Les conditions de l’attractivité

Car Familles Rurales a su travailler son attractivité ! Outre ses accords de protection sociale premium, la branche a activement œuvré pour revaloriser ses grilles de salaires afin de rendre ses métiers attirants. « Début 2022, 20 % des fiches métiers étaient encore infra-Smic. Nous avons négocié avec les partenaires sociaux une réévaluation générale. Le résultat : la signature d’un avenant à l’annexe « rémunérations » de notre convention collective nationale.
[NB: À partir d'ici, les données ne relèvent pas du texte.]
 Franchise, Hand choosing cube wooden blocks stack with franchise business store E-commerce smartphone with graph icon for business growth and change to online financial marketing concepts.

Aujourd’hui, un quart des métiers de la branche sont repassés supra-Smic tout en ayant revalorisé tout le monde », détaille Guillaume Rodelet. Soit des augmentations de 12 % pour les plus bas niveaux de salaire, de 6 à 7 % pour les cadres, et de 2 % pour les dirigeants. « La revalorisation salariale a par ailleurs été négociée rétroactivement avec effet au 1er octobre 2022 », précise Clotilde du Lac. Autre disposition en faveur des salariés : la mise en place d’un fonds de solidarité pour permettre le remboursement des inscriptions sportives et socioculturelles afin de recréer du lien social en période d’après-Covid. À cela s’ajoutent, en dehors de la branche, les nombreuses initiatives venues du terrain : dans le Loiret, la fédération locale a mis des véhicules électriques à disposition de ses aides à domicile. Ailleurs, des efforts ont été consentis en matière de primes ou de titres-restaurants pour donner un coup de pouce au pouvoir d’achat. Autant d’avantages pour les salariés que la branche compte conserver, même en cas de fusion.
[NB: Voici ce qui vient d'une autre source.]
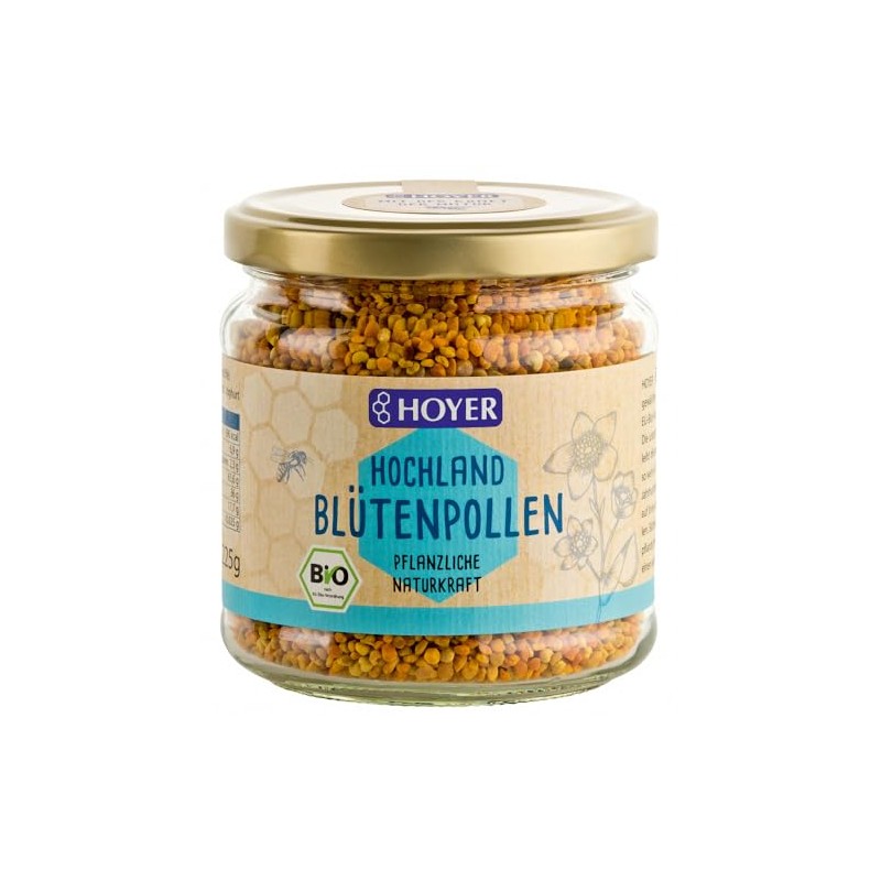 Hoyer organic flower pollen comes from bee colonies of selected highland beekeepers who work and are controlled according to the strict guidelines of the EU Organic Regulation for beekeeping. The original and diverse plant world of these landscapes gives this flower pollen its typical taste and makes it so valuable. Flower pollen is an excellent supplier of high-quality, vegetable protein. Processing aids not used certification/German state organic seal EU organic seal

Une fusion d’ailleurs pas si récente dans l’esprit. En 2011, déjà, Familles Rurales avait quitté le champ du monde agricole et rural en passant du Fafsea (à l’époque organisme paritaire collecteur agréé des fonds de la formation pour l’agriculture et les services associés, type Mutuelle Agricole, Groupama ou Crédit Agricole) pour rejoindre le périmètre interprofessionnel chez Opcalia, puis en rejoignant Uniformation, l’Opca de l’action sociale devenu depuis 2019 opérateur de compétences (Opco) sur le champ de la cohésion sociale. « C’était le sens de l’histoire. Même si, initialement, la fédération se positionne dans la ruralité au vu de son public, nous relevons bien du secteur de l’animation sociale en matière de métiers pratiqués », indique Guillaume Rodelet. D’où le choix, aux alentours de 2017, de prospecter les fédérations patronales proches pour trouver un port d’attache à la branche dans le cadre de leur regroupement. Après quelques tâtonnements sans lendemains du côté des Maisons familiales et rurales (MFR) et d’Elisfa, le regroupement des employeurs des centres sociaux et familiaux, c’est finalement vers Hexopée, organisation professionnelle représentative dans les domaines de l’animation, du sport, du tourisme social et familial et des foyers et services pour jeunes travailleurs, qui regroupe notamment les MJC, les fédérations sportives Leo Lagrange, les Éclaireuses et Éclaireurs de France, les Francas ou encore la Ligue de l’enseignement, que s’est tournée Familles Rurales en vue de former une branche commune avec Éclat. Avec le renfort du FNPF, la future branche pourrait compter quelque 140 000 salariés. « Nous mettons en priorité la construction commune d’une branche professionnelle forte », annonce Michel Pillon, administrateur représentant des employeurs de la branche. À suivre.